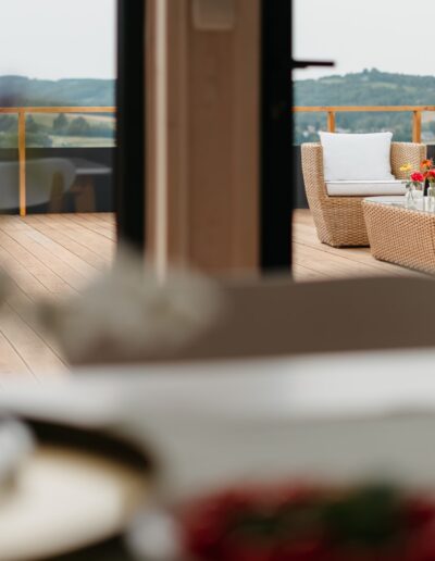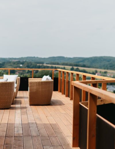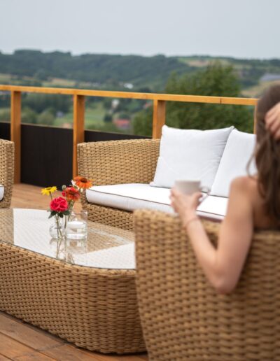 Oba tarasy są w całości obudowane, co sprawia, że poczujecie się w Małej Przystani jeszcze bardziej komfortowo i prywatnie.
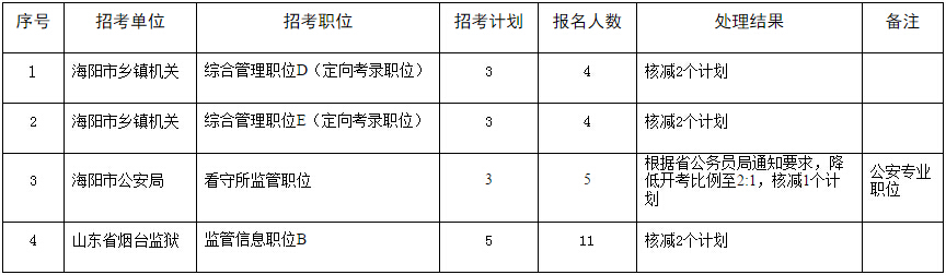 根據《2015年煙臺市各級機關及直屬單位考試錄用公務員公告》、《2015年煙臺市考試錄用公安機關人民警察公告》、《2015年煙臺監獄考試錄用公務員 (人民警察)公告》等有關規定,煙臺市公務員考錄4個職位因繳費人數未達到規定開考比例,其錄用計劃予以核減,現予公告:
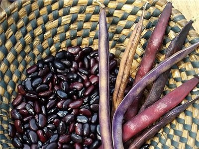 Фасоль Purple Kingsessing производит длинные, ровные стручки. При полном созревании они меняют свой окрас на пурпурный и темно-фиолетовый. Созревшие бобы продолговатые, плоские, темно-пурпурные, почти черные.
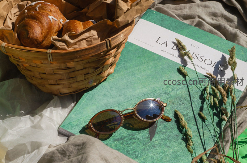 微距特写呈现阳光下的早餐静物:藤编篮内盛放糖霜牛角包,旁为绿色封面《LA BUISSOLE》杂志、复古圆框墨镜与干麦穗,亚麻布褶皱衬底,光影柔和,质感温暖自然。
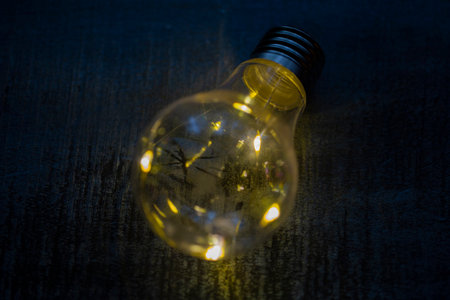 This stunning close-up image showcases a light bulb filled with sparkling particles, creating a magical effect against a dark background, ideal for artistic projects.
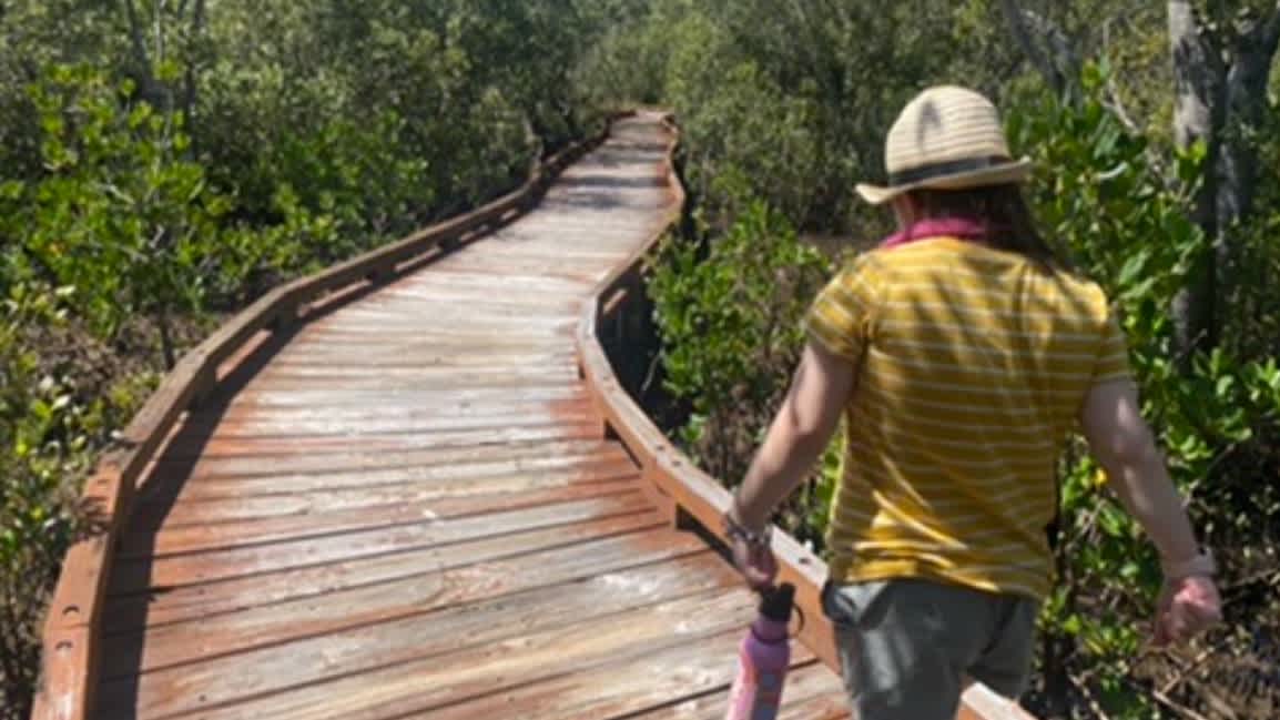 Image: Olivia wearing a hat and a striped yellow top walking on a boardwalk.
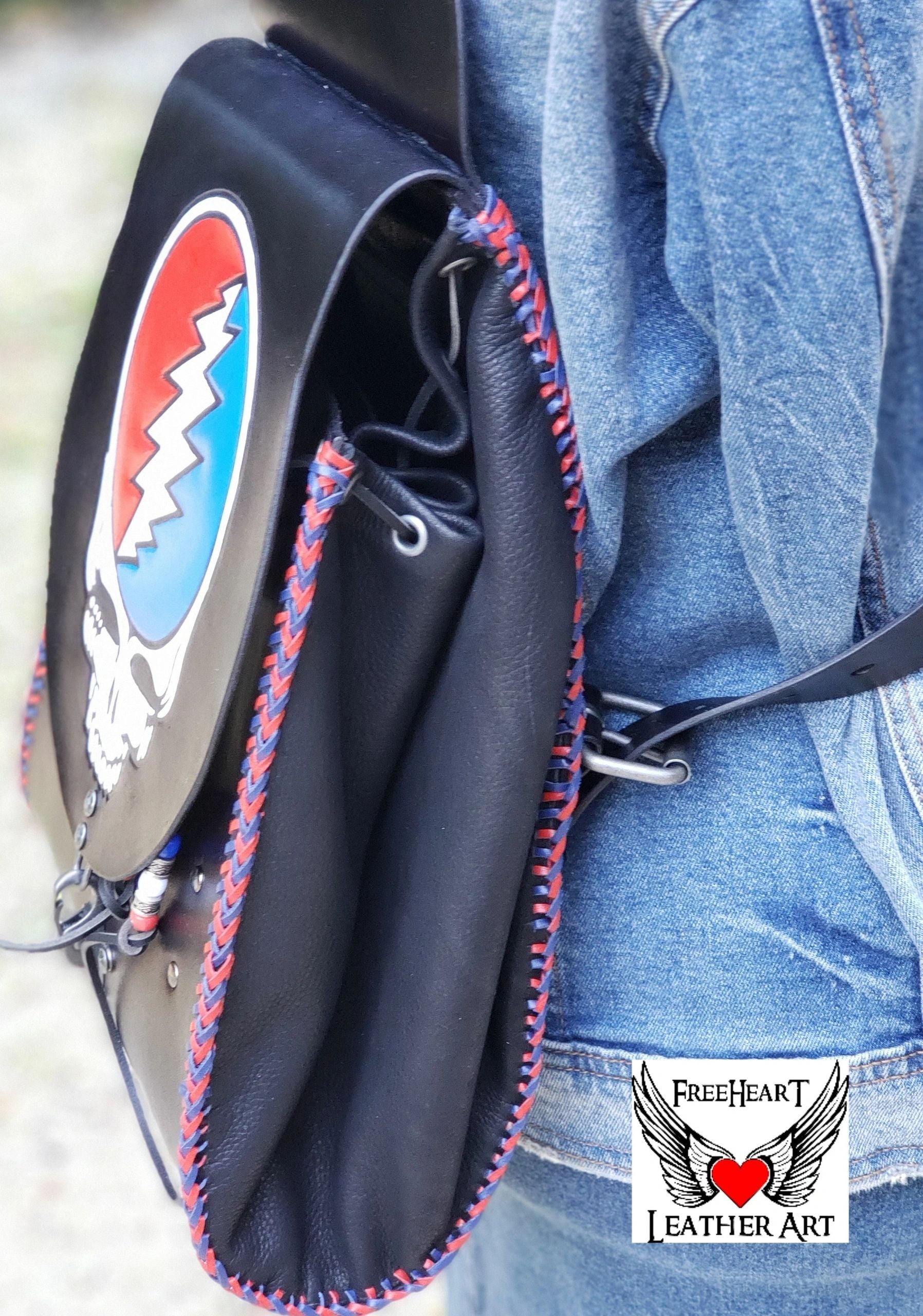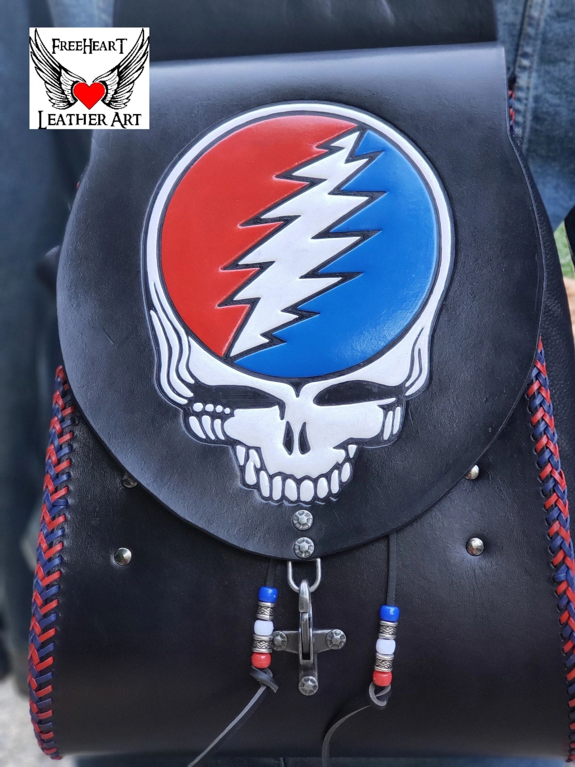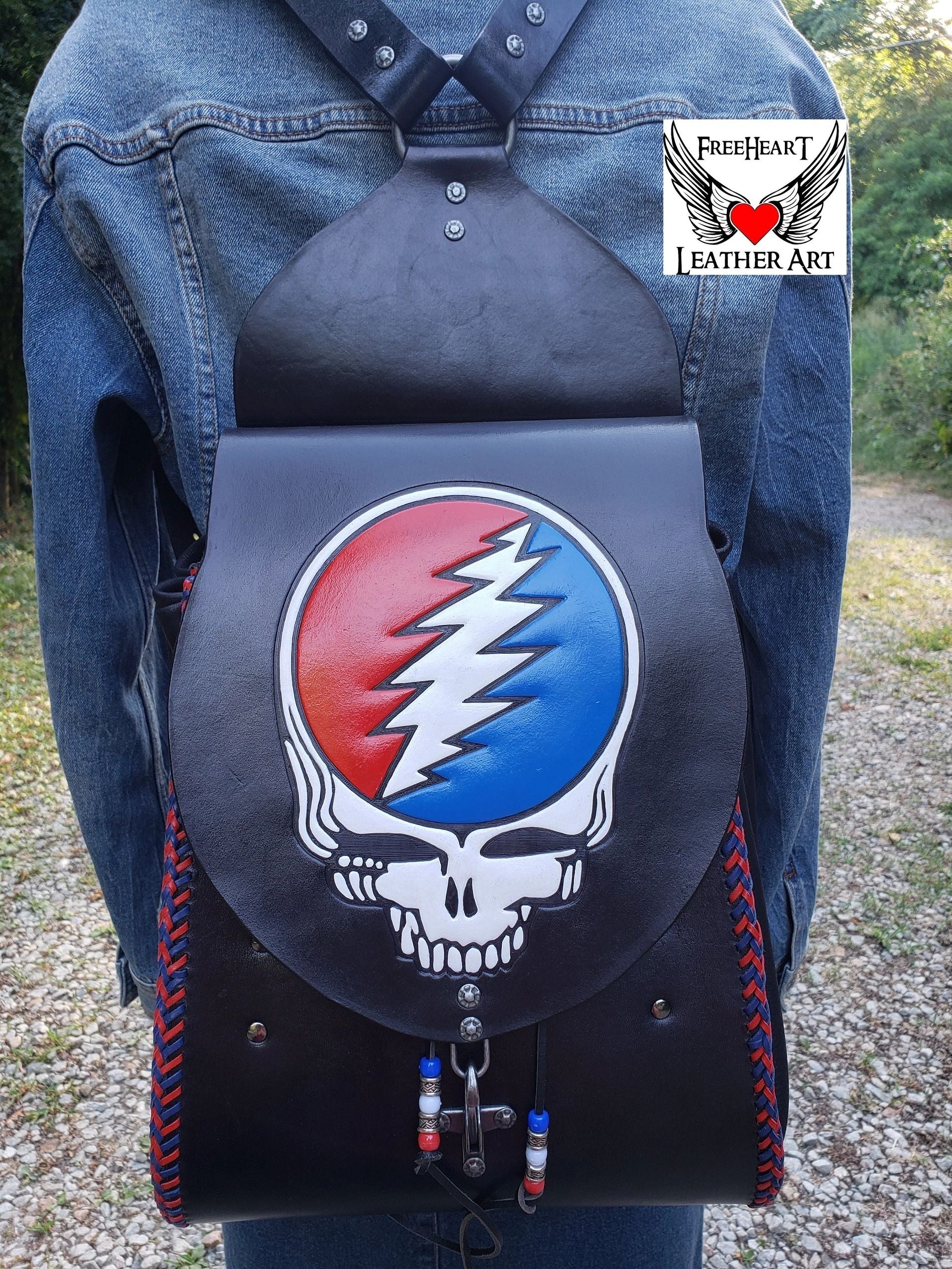 Handmade Leather Grateful Dead "Steal Your Face" Backpack ⚡More items are available on my website https://freeheartleatherart.com ⚡ Leather backpack with tooled "Steal Your Face" Skull and dual-color kangaroo lacing. Made from 6 oz. vegetable-tanned leather dyed black and painted, red, white, and blue. The sides are cut from super-soft deer-tanned cowhide. The closure is a nautical-style hook clasp. Removable 13-point lightning should pads and cross-chest buckle for added comfort when wearing for long periods. Inside are 2 pockets. One in front to slip your phone into and a secure zipper pocket for those valuables. The backpack measures approximately - tapers from the bottom 10 inches wide to top 9 inches wide. Depth from 3 to 6 inches with drawstring expansion. 25 - 35 inch strap length. Handmade in our shop from quality genuine leather products. Treated with Fiebing's Resolene as a sealer and water resistor. Leather conditioner should be applied periodically to maintain the finish.

> TASK TO CARRY OUT
Could you transcribe the records above exactly, leaving out any pictures?

> THE COMPLETED TASK
 Oba tarasy są w całości obudowane, co sprawia, że poczujecie się w Małej Przystani jeszcze bardziej komfortowo i prywatnie.
 根據《2015年煙臺市各級機關及直屬單位考試錄用公務員公告》、《2015年煙臺市考試錄用公安機關人民警察公告》、《2015年煙臺監獄考試錄用公務員 (人民警察)公告》等有關規定,煙臺市公務員考錄4個職位因繳費人數未達到規定開考比例,其錄用計劃予以核減,現予公告:
 Фасоль Purple Kingsessing производит длинные, ровные стручки. При полном созревании они меняют свой окрас на пурпурный и темно-фиолетовый. Созревшие бобы продолговатые, плоские, темно-пурпурные, почти черные.
 微距特写呈现阳光下的早餐静物:藤编篮内盛放糖霜牛角包,旁为绿色封面《LA BUISSOLE》杂志、复古圆框墨镜与干麦穗,亚麻布褶皱衬底,光影柔和,质感温暖自然。
 This stunning close-up image showcases a light bulb filled with sparkling particles, creating a magical effect against a dark background, ideal for artistic projects.
 Image: Olivia wearing a hat and a striped yellow top walking on a boardwalk.
 Handmade Leather Grateful Dead "Steal Your Face" Backpack ⚡More items are available on my website https://freeheartleatherart.com ⚡ Leather backpack with tooled "Steal Your Face" Skull and dual-color kangaroo lacing. Made from 6 oz. vegetable-tanned leather dyed black and painted, red, white, and blue. The sides are cut from super-soft deer-tanned cowhide. The closure is a nautical-style hook clasp. Removable 13-point lightning should pads and cross-chest buckle for added comfort when wearing for long periods. Inside are 2 pockets. One in front to slip your phone into and a secure zipper pocket for those valuables. The backpack measures approximately - tapers from the bottom 10 inches wide to top 9 inches wide. Depth from 3 to 6 inches with drawstring expansion. 25 - 35 inch strap length. Handmade in our shop from quality genuine leather products. Treated with Fiebing's Resolene as a sealer and water resistor. Leather conditioner should be applied periodically to maintain the finish.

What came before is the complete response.